### [Assignment]
Pictures do not belong in the copy. Write out exactly the lines from the one containing "领沃云电脑是联通旗下的一款云" through the end of the data.

### [Data for analysis]
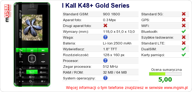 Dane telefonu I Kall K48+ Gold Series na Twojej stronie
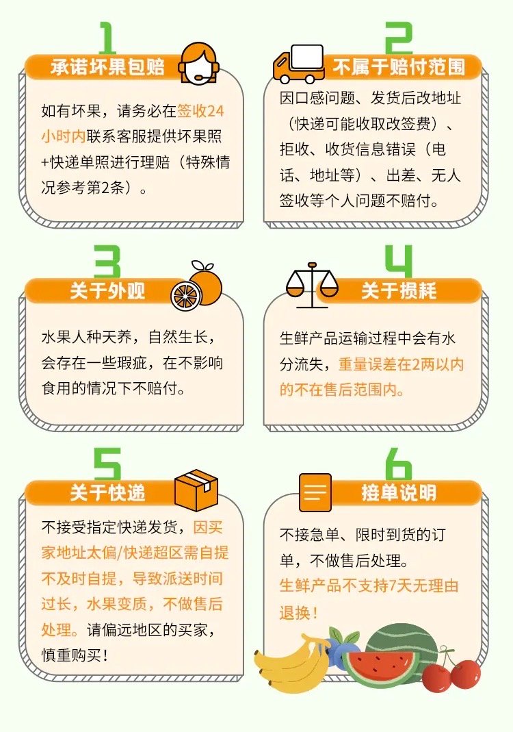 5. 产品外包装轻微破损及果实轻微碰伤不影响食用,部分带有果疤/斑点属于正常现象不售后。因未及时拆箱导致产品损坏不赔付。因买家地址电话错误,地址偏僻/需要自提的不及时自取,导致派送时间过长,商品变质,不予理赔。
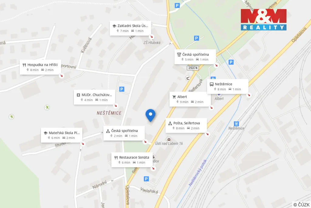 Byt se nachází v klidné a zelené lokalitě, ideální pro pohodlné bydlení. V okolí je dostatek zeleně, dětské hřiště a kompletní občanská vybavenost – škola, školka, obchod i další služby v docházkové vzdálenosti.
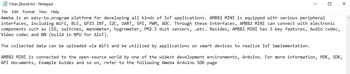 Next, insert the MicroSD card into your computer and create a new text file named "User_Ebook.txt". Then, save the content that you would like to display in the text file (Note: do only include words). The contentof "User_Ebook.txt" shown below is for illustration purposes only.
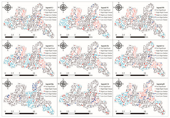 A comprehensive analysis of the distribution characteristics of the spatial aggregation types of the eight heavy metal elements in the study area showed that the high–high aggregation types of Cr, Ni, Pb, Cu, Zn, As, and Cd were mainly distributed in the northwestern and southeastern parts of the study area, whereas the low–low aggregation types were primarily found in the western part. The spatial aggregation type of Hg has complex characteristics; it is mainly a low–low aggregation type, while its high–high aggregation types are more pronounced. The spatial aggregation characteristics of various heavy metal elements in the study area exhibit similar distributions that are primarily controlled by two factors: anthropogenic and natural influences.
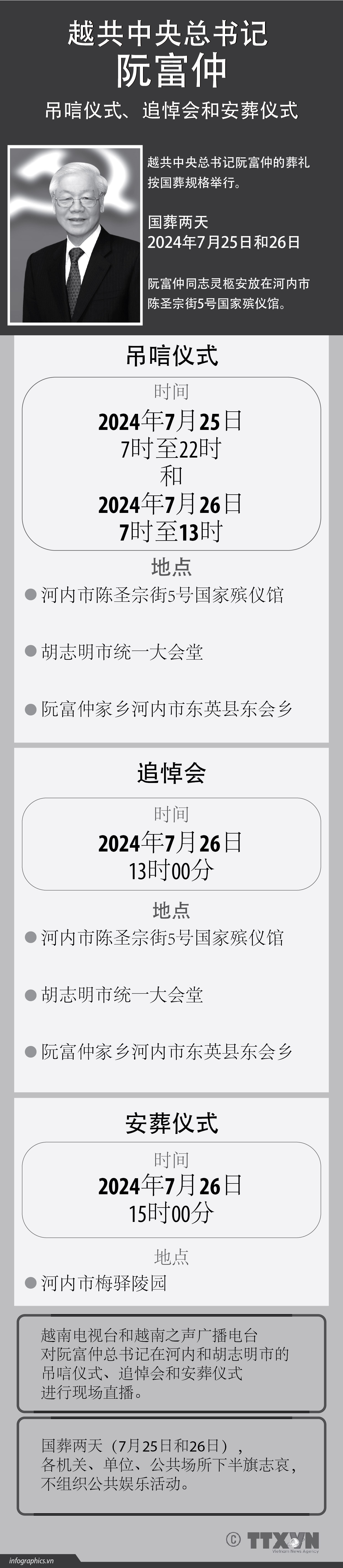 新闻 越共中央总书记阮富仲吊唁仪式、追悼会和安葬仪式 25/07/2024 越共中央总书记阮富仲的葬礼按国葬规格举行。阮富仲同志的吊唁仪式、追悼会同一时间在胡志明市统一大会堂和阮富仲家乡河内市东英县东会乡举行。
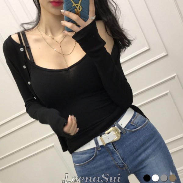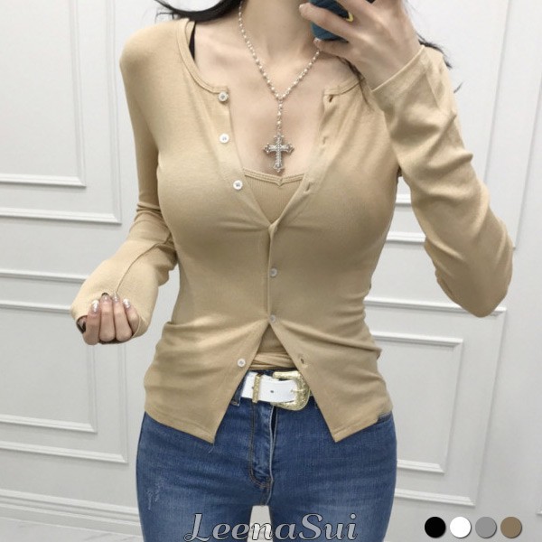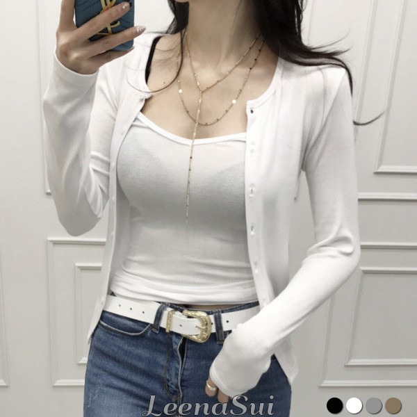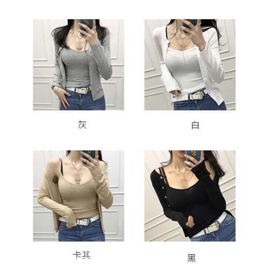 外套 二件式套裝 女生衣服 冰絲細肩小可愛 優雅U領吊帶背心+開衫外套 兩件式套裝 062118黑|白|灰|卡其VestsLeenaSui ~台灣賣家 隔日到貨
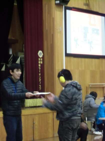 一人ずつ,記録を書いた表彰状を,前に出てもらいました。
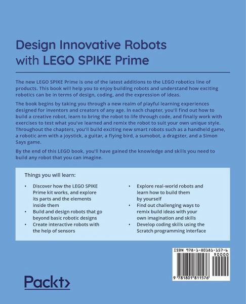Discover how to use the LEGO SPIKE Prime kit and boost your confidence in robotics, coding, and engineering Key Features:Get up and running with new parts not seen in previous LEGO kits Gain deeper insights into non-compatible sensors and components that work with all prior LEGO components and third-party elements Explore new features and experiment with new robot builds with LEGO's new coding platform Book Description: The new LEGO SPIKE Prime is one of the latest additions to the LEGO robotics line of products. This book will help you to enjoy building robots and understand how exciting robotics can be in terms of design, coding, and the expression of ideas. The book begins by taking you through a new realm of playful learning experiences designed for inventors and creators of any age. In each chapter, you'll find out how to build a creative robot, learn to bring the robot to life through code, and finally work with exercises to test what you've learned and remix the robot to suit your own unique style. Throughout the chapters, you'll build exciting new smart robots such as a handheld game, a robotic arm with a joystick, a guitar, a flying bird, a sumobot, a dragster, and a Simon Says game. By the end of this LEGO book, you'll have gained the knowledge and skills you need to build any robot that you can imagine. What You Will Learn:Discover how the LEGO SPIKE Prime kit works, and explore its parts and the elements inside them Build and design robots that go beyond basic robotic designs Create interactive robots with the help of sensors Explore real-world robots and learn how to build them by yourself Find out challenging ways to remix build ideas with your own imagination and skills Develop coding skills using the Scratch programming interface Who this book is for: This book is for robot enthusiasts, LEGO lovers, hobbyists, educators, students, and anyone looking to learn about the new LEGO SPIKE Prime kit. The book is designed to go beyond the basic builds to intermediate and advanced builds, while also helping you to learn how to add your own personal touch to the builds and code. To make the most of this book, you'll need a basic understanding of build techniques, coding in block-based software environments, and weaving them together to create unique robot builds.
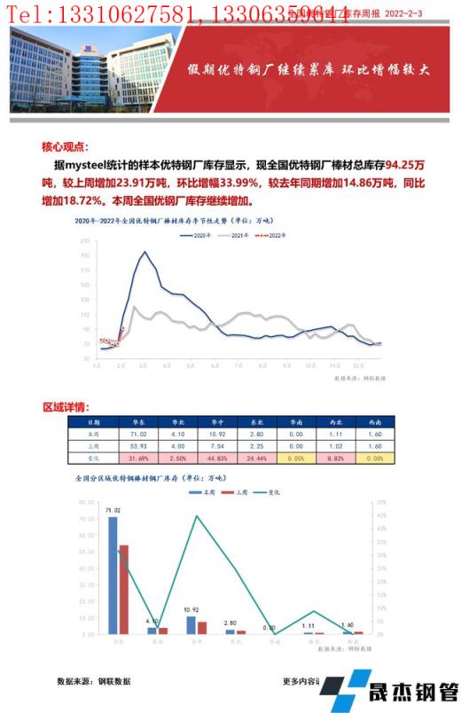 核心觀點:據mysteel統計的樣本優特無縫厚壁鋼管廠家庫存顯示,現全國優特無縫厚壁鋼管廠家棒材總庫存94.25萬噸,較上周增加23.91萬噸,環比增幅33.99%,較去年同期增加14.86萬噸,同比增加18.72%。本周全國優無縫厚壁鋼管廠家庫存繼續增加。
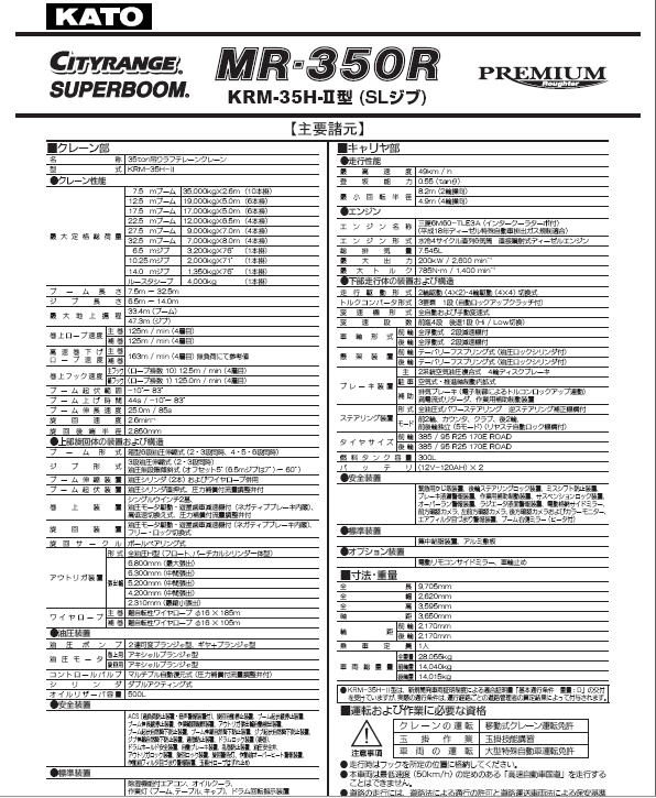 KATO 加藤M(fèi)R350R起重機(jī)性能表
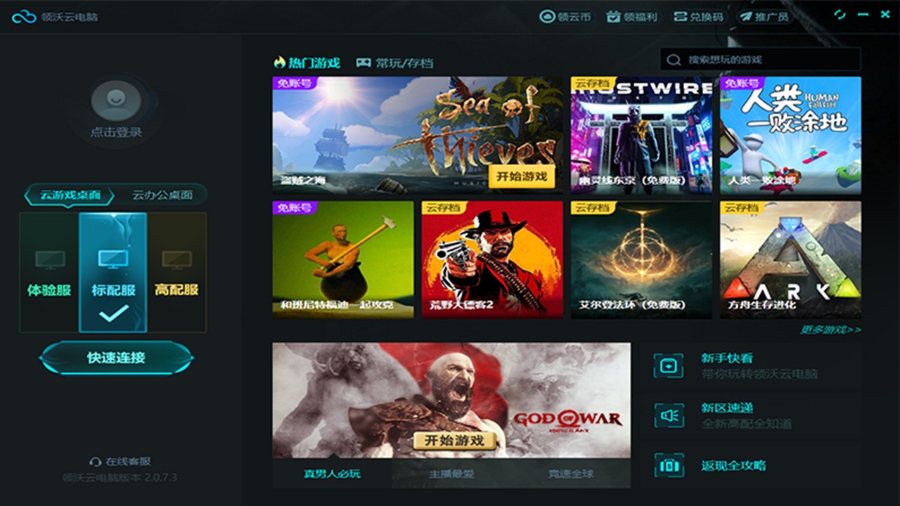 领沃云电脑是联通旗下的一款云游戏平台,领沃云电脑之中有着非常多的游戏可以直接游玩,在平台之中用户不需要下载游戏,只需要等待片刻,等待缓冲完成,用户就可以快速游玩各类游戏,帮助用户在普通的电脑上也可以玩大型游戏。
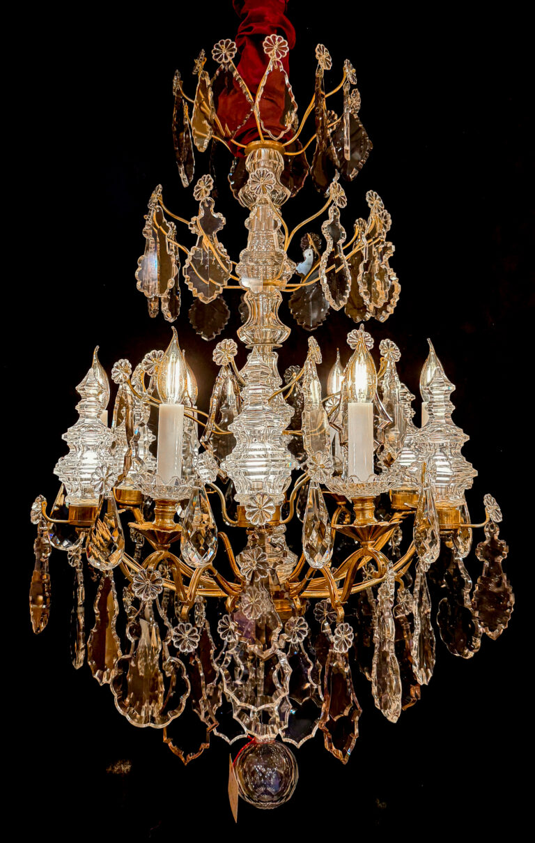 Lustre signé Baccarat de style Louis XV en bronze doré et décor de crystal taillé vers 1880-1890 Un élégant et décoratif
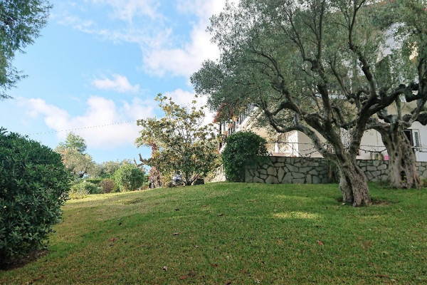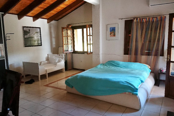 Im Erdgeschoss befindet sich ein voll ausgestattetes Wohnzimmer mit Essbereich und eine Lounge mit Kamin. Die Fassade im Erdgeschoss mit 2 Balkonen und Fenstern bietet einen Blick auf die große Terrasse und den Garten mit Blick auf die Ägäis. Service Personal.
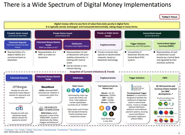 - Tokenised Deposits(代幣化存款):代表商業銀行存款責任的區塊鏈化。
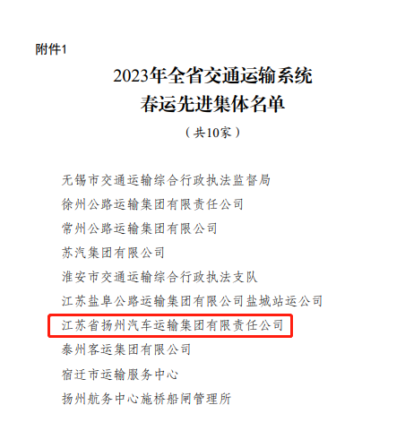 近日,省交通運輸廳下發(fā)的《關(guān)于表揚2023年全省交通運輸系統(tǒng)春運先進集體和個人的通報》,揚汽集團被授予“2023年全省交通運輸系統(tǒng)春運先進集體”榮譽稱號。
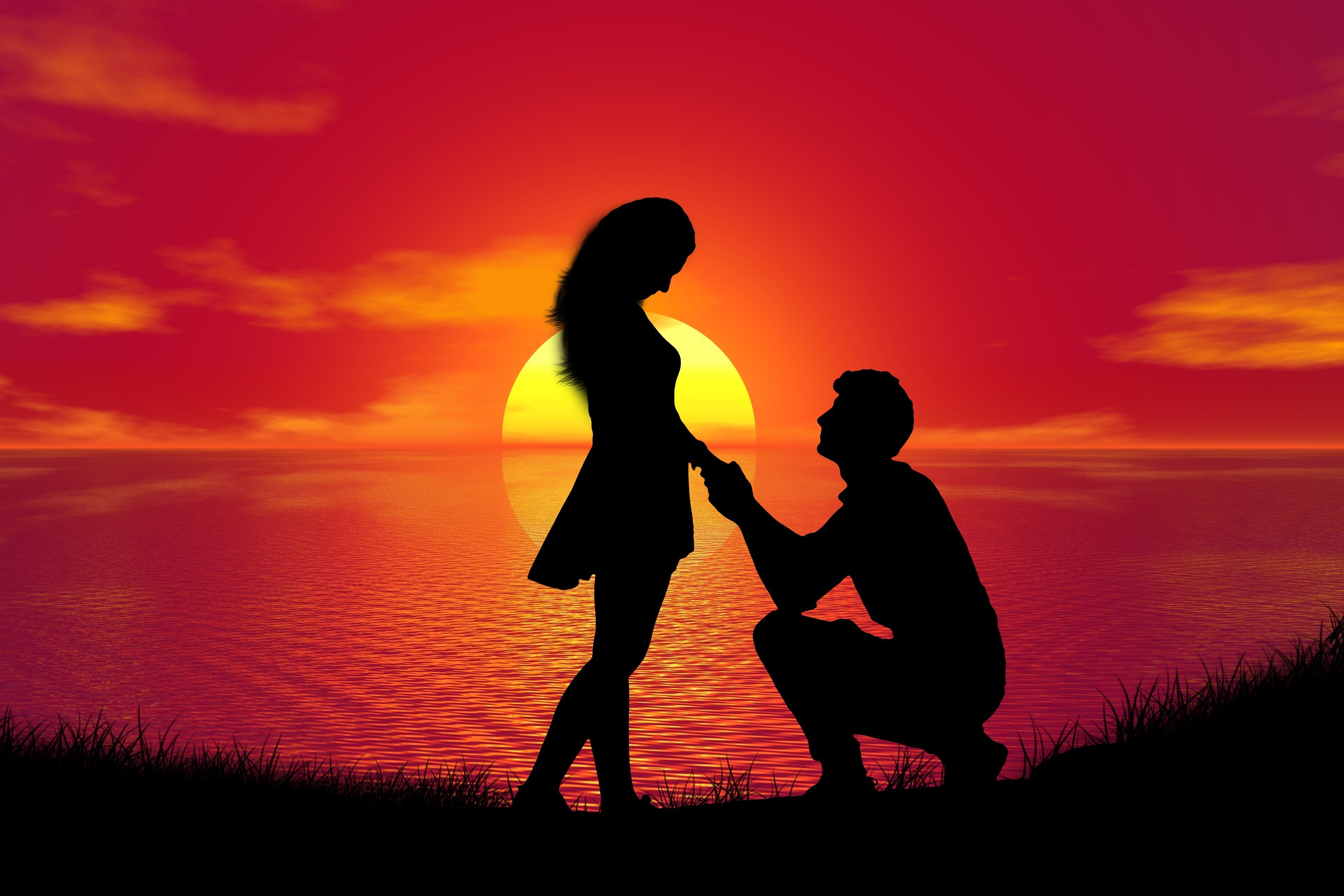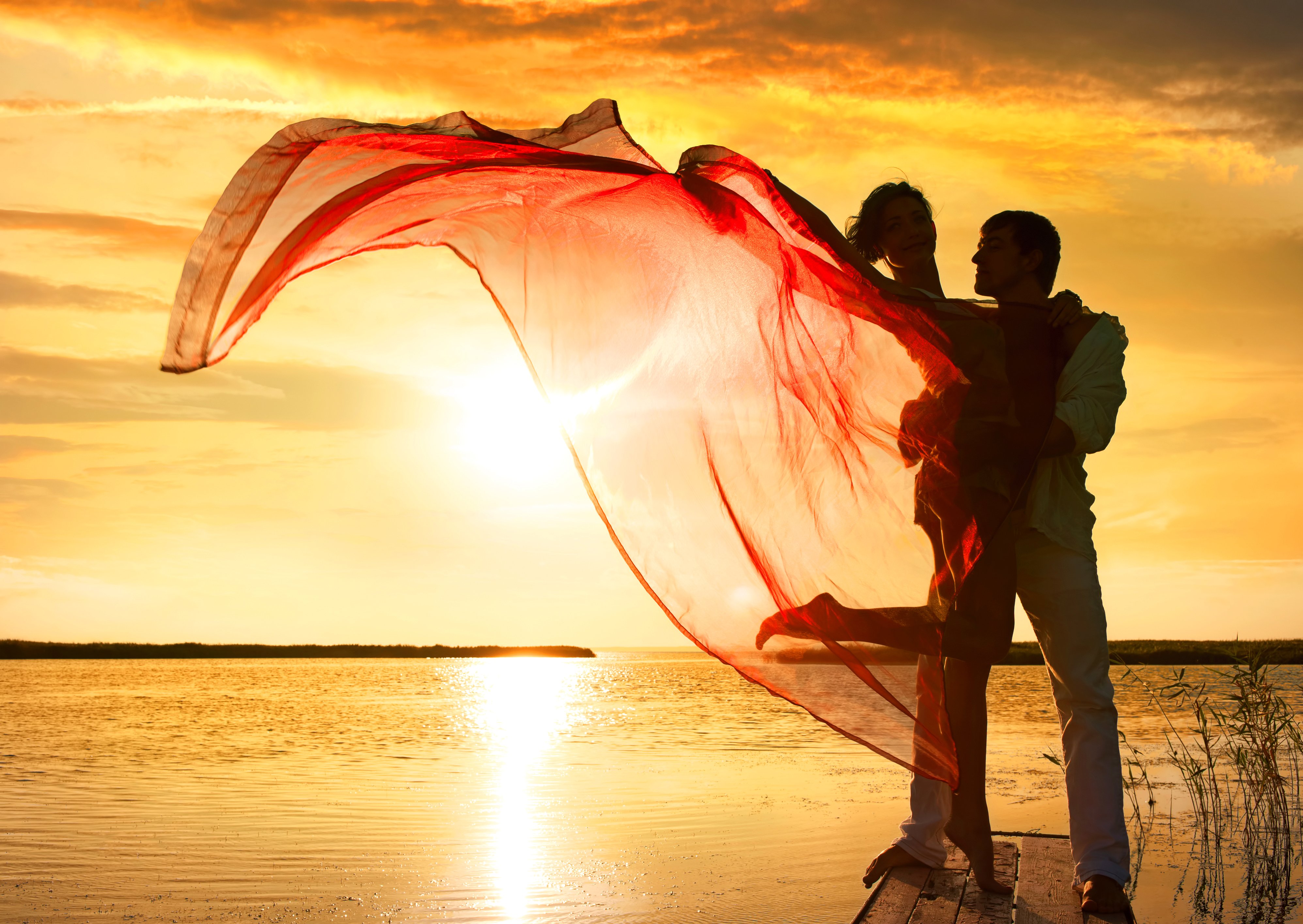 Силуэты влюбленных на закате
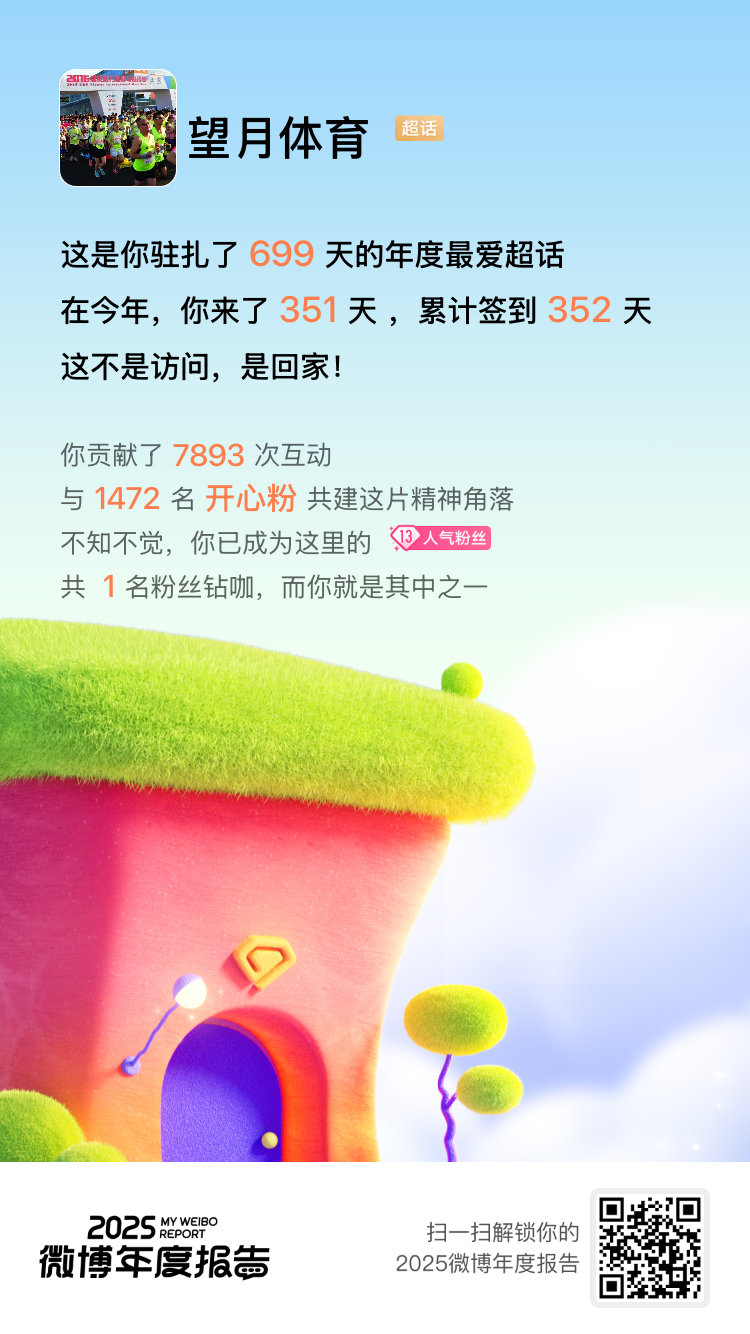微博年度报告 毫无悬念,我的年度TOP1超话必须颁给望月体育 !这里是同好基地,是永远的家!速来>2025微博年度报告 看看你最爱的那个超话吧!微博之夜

### [Exercise answer]
 领沃云电脑是联通旗下的一款云游戏平台,领沃云电脑之中有着非常多的游戏可以直接游玩,在平台之中用户不需要下载游戏,只需要等待片刻,等待缓冲完成,用户就可以快速游玩各类游戏,帮助用户在普通的电脑上也可以玩大型游戏。
 Lustre signé Baccarat de style Louis XV en bronze doré et décor de crystal taillé vers 1880-1890 Un élégant et décoratif
 Im Erdgeschoss befindet sich ein voll ausgestattetes Wohnzimmer mit Essbereich und eine Lounge mit Kamin. Die Fassade im Erdgeschoss mit 2 Balkonen und Fenstern bietet einen Blick auf die große Terrasse und den Garten mit Blick auf die Ägäis. Service Personal.
 - Tokenised Deposits(代幣化存款):代表商業銀行存款責任的區塊鏈化。
 近日,省交通運輸廳下發(fā)的《關(guān)于表揚2023年全省交通運輸系統(tǒng)春運先進集體和個人的通報》,揚汽集團被授予“2023年全省交通運輸系統(tǒng)春運先進集體”榮譽稱號。
 Силуэты влюбленных на закате
微博年度报告 毫无悬念,我的年度TOP1超话必须颁给望月体育 !这里是同好基地,是永远的家!速来>2025微博年度报告 看看你最爱的那个超话吧!微博之夜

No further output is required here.